Early life, education, and early career

Walberg was born and raised in Chicago, Illinois, the son of Alice Ann and John A. Walberg. His paternal grandparents were Swedish.[2] In 1964, Walberg served the Barry Goldwater 1964 presidential campaign as a volunteer. Walberg graduated from Thornton Fractional North High School in 1969 and briefly served the U.S. Forest Service. From 1973 to 1977, Walberg served as pastor at Grace Fellowship Church in New Haven, Indiana.[3]

Michigan legislature

Walberg was a member of the Michigan House of Representatives from 1983 to 1998. He also spent time as a pastor and as a division manager for the Moody Bible Institute in Chicago while continuing to live in Michigan.[4]

U.S. House of Representatives

Elections

2004

After six years out of politics, Walberg ran in a field of six candidates in the 2004 Republican primary for the 7th District after six-term incumbent Nick Smith retired. Walberg finished third in the primary. State Senator Joe Schwarz won the primary and the general election.[5]

2006

Walberg defeated Schwarz in the Republican primary.[6] In the general election, he defeated Democratic nominee Sharon Renier, 50%–46%.[7]

In 2007, there was a failed recall effort against Walberg.[8][9][10]

2008

Entering the 2008 race, Democratic Congressional Campaign Committee chairman Chris Van Hollen identified Walberg as one of the most vulnerable Republican incumbents in Congress.[11] On August 23, 2007, State Senate Minority Leader Mark Schauer announced he would challenge Walberg.[12] The previous occupant of the seat, Joe Schwarz, who lost to Walberg in the 2006 Republican primary, declined to run but on September 30 endorsed Schauer.[13]

Schauer narrowly defeated Walberg in the November election, 49% to 47%. Between the two candidates, around $3.5 million was spent on the campaign,[14] making it one of the most expensive House races in the 2008 election. Schauer outspent Walberg by nearly $300,000.[15]

2010

On July 14, 2009, Walberg announced that he would challenge incumbent Mark Schauer.[16] He defeated Marvin Carlson and Brian Rooney in the Republican primary.

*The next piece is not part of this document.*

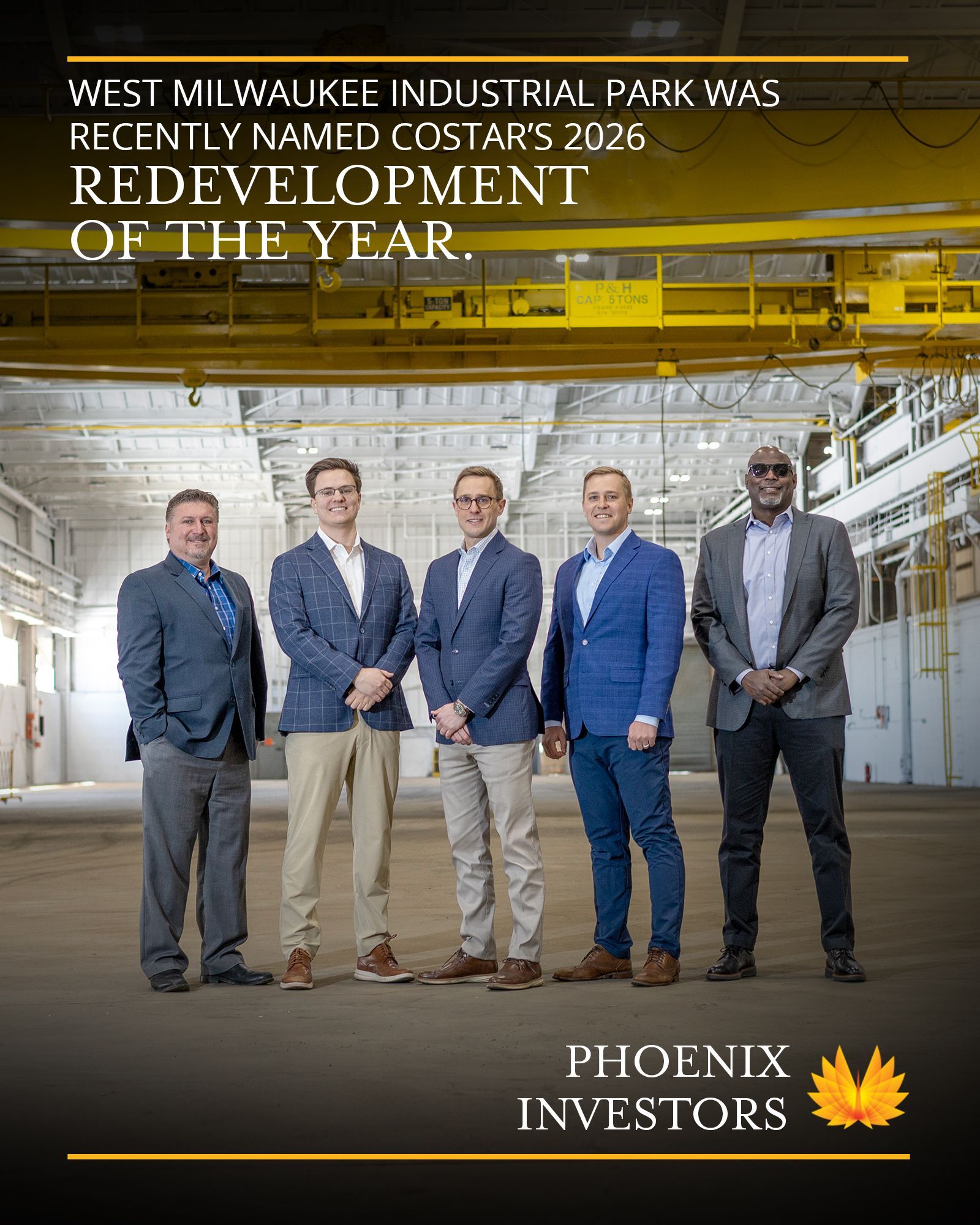 Phoenix Investors’ West #Milwaukee Industrial Park was recently named @CoStarGroup’s 2026 Redevelopment of the Year. To celebrate, #CoStar team members Jim Brewer and Brian Hiemer visited the facility.

Polling showed the race as a dead heat.[17] Walberg defeated Schauer, 50%–45%.[18]

2012

Wahlberg defeated Democratic nominee Kurt Haskell, 53%–43%.[19]

2014

Walberg defeated former Democratic State Representative Pam Byrnes with 54% of the vote.[20]

2016

Walberg defeated Doug North in the August 2 Republican primary and Democratic nominee State Representative Gretchen Driskell[21] in the general election, with 55% of the vote.[22]

2018

Walberg defeated Driskell again, with 53.8% of the vote.[23]

2020

Walberg defeated Driskell a third time, with 58.7% of the vote.

2022

Due to redistricting, Walberg, the incumbent of the 7th congressional district, faced Democratic opponent Bart Goldberg, an attorney, in the 5th congressional district. Walberg was re-elected with 62.4% of the vote.[24]

Committee assignments

Caucus memberships

Political positions

Environment

Walberg rejects the scientific consensus on climate change.[29][30][31] On the subject, he said in May 2017, "I believe that there is a creator in God who is much bigger than us. And I’m confident that, if there’s a real problem, He can take care of it."[29]

Healthcare

Walberg has repeatedly voted to repeal the Patient Protection and Affordable Care Act.[32][33] Walberg shares an office with Jackson Right to Life, which was vandalized by abortion rights activists in June 2022, just before the Dobbs v. Jackson Women's Health Organization decision. Fox News attributed the attack to the group Jane's Revenge.[34]

LGBTQ rights

In 2015, Walberg cosponsored a resolution to amend the US constitution to ban same-sex marriage.[35] Walberg also cosponsored a resolution disagreeing with the Supreme Court decision in Obergefell v. Hodges, which held that same-sex marriage bans violated the constitution.[36]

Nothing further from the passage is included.